Hypothesis 4: the relationship between mothers’ enjoyment and children’s SB and PA
The relationship between mothers’ higher (n = 55) or lower (n = 53) baseline enjoyment (cut point = 18, based on median values of enjoyment scores) and their own and their children’s SB and PA are presented in Fig. 2. At the baseline, any statistically significant differences in SB or PA were not found among mothers or children. Among mothers, no statistically significant differences between or within the groups from baseline to the end of the eight-week intervention were found, either. However, statistically significant within-group differences from baseline to the end were found in increased SB (p = 0.010) among children whose mothers had lower enjoyment. Further, children’s LPA increased over time among those children whose mothers had higher enjoyment (p < 0.001), but statistical significance between the groups was narrowly missed (p = 0.059). A within-group increase of Total PA among children whose mothers had higher enjoyment approached near significance (p = 0.084). Thus, the fourth hypothesis was partly supported by the results.
Hypotheses 5 and 6: the relationships between changes in mothers’ enjoyment and SB and PA
Among mothers, no statistically significant differences relating to changes in enjoyment and device-based outcomes were found, except for an increase in LPA (p = 0.049) among those mothers whose enjoyment decreased during the study (Supplementary Table 1). Narrowly missed significance (p = 0.055) was also found in the increase of Total PA among these mothers. Thus, the findings do not support the fifth hypothesis.
Children with mothers who reported increased enjoyment during the intervention had more SB and less MVPA at the baseline compared to the children with mothers whose enjoyment decreased (Supplementary Table 2), even if the first difference was not statistically significant (p = 0.065 and p = 0.037, separately). Moreover, if mothers’ enjoyment increased, children increased their proportion of LPA over the study period. However, the finding was not statistically significant (p = 0.064), and the difference in change between groups was not found. Children with mothers whose enjoyment remained stable increased their LPA (p = 0.002) and Total PA (p = 0.034) over the study period, but the difference in change between the groups was not significant, either. Furthermore, children with mothers whose enjoyment decreased, increased their SB (p = 0.013) over time, but the difference between the groups was not found. Thus, the findings do not support the sixth hypothesis.

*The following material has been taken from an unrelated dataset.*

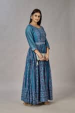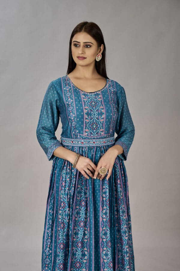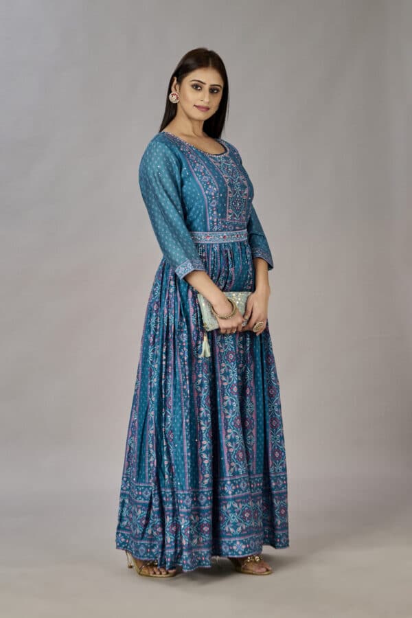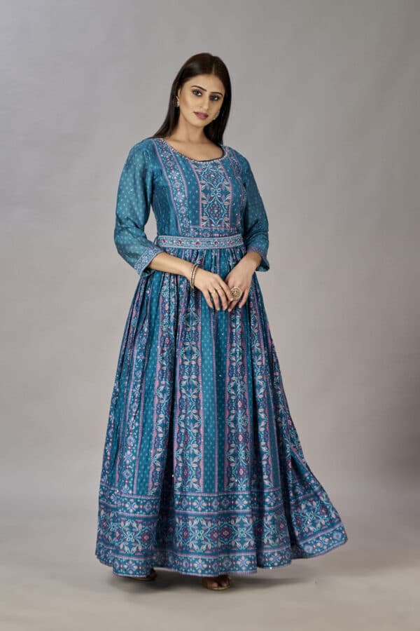 This Teal Blue Muslin Silk Gown is perfect for a special occasion. Crafted from 100% muslin silk and embroidered with delicate sequins, it will make you the star of the night. Featuring a unique digital print and heavy design, this beautiful gown will make an unforgettable impression.
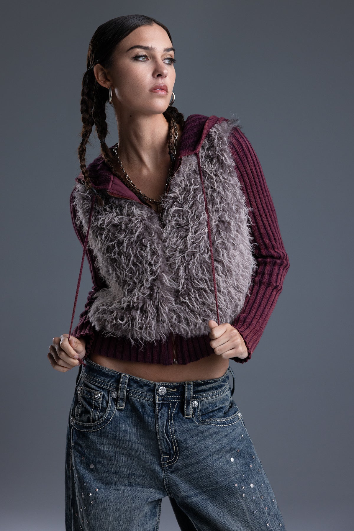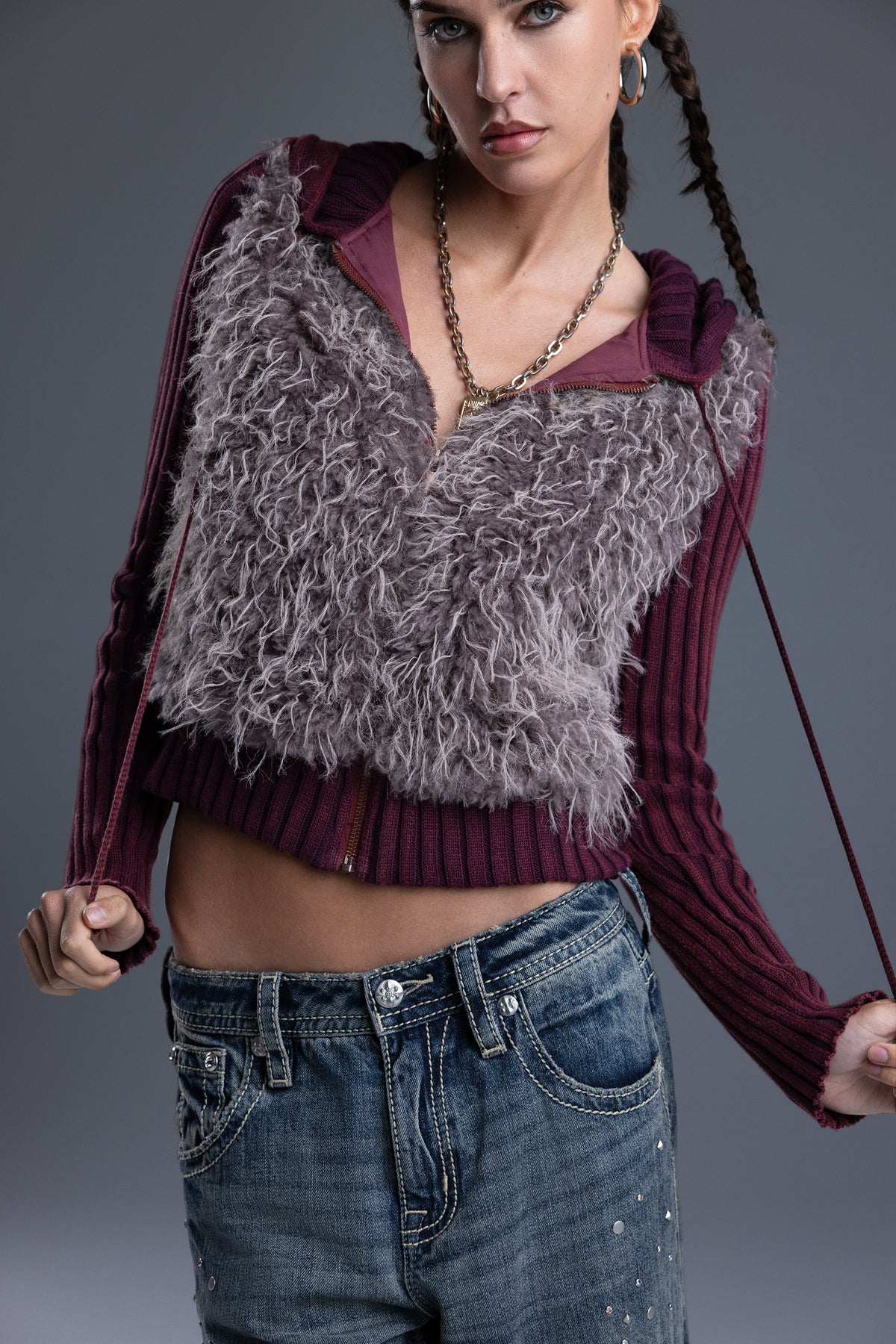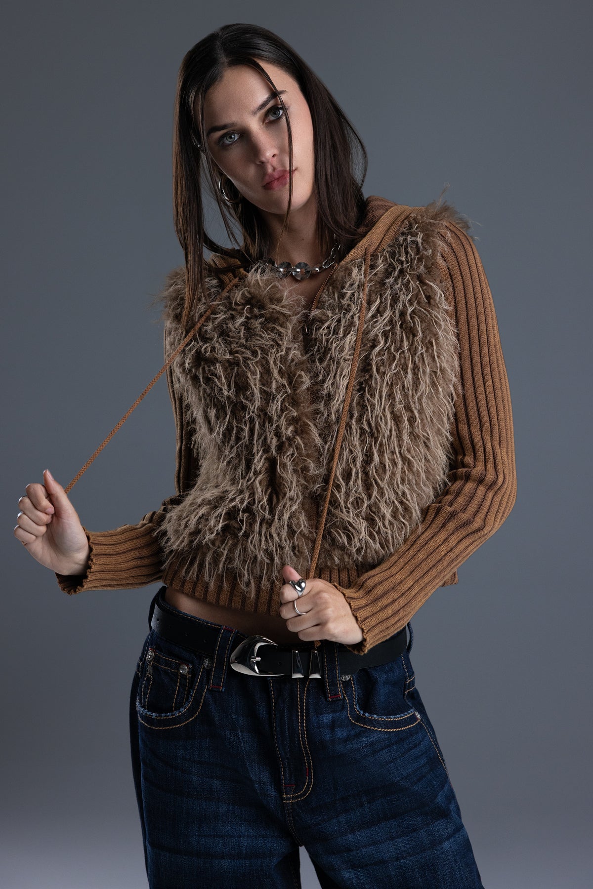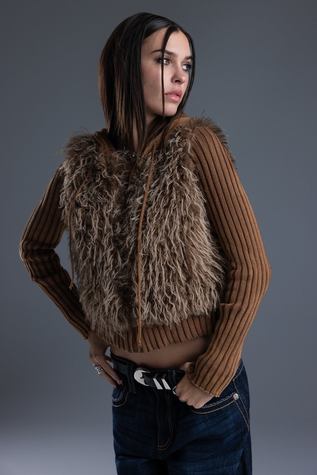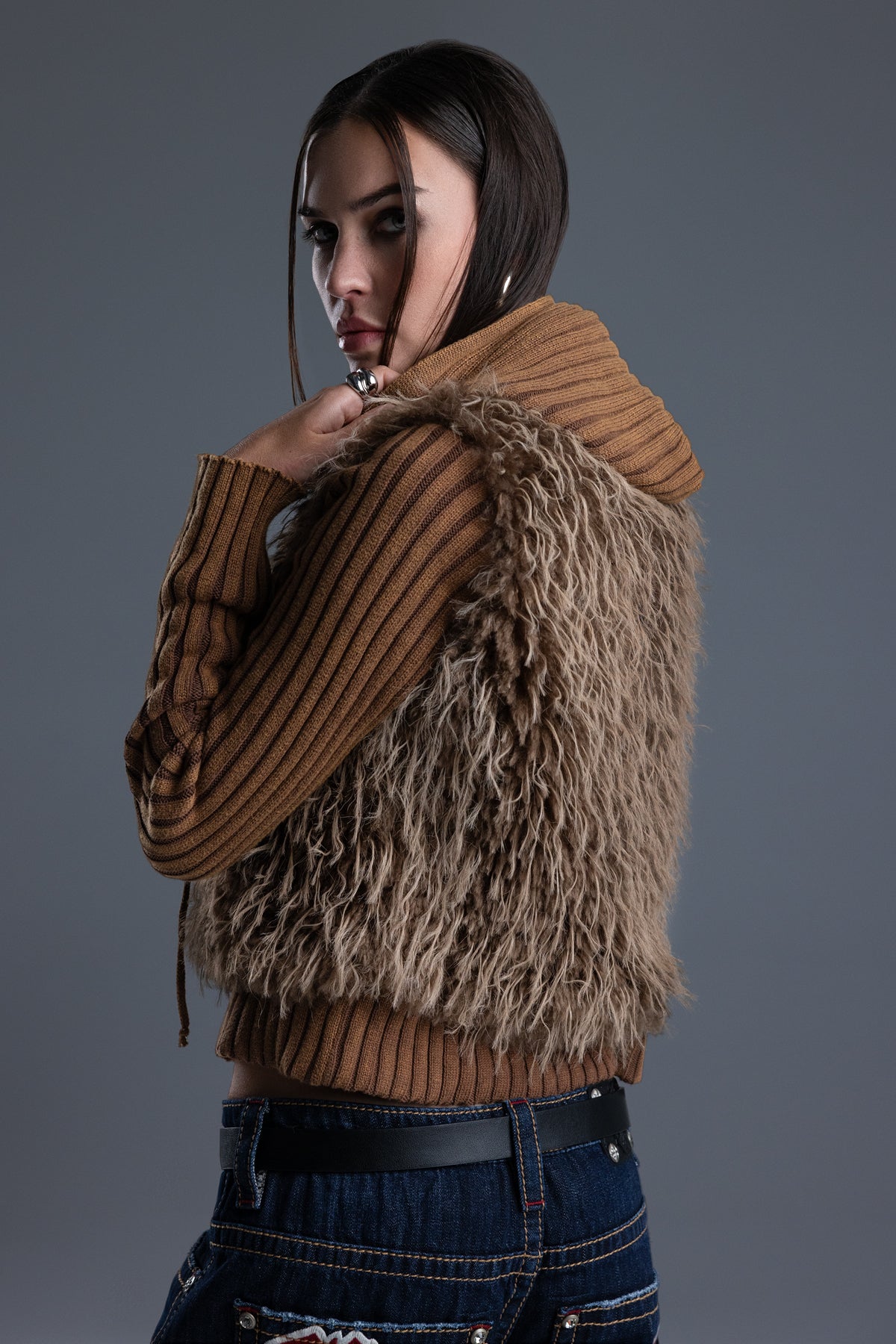 - Soft, shaggy faux fur front panel design

Lost to follow-up analysis
During the original Moving Sound RCT (n = 228), 25 mother–child dyads withdrew or were excluded (reported previously, [20]). As mentioned earlier, in the current study, mother–child dyads were included in the analysis if they had used the accelerometer as instructed during the baseline week and the final intervention week and if the mother answered the enjoyment questions at baseline as well as the end. Acceptable accelerometer data were available for 121 mother–child dyads and 140 mothers answered the enjoyment questions. Looking at the criteria together, data were found altogether for 53% of 203 mother–child dyads originally included in the Moving Sound RCT analysis.
Compared to the dyads that were excluded (n = 95), children among the dyads who were included (n = 108) were more likely to be in daycare or preschool for at least 3 days per week (94% vs. 75%, p < 0.001). There were no statistical differences between these two groups in belonging to the intervention or control group, mothers’ working status, gender of the participating child, age or the BMI of mothers or children, number of children in the family, mothers’ perceived health, or levels of SB or PA during the baseline week.
Discussion
The present study aimed to assess the relationship between a movement-to-music video exercise program in the home environment and mothers’ enjoyment of exercise with their child for 8 weeks of intervention. The study also reported the relationship between mothers’ enjoyment and device-based measurements of children’s and mothers’ SB and PA, as well as adherence to the training program.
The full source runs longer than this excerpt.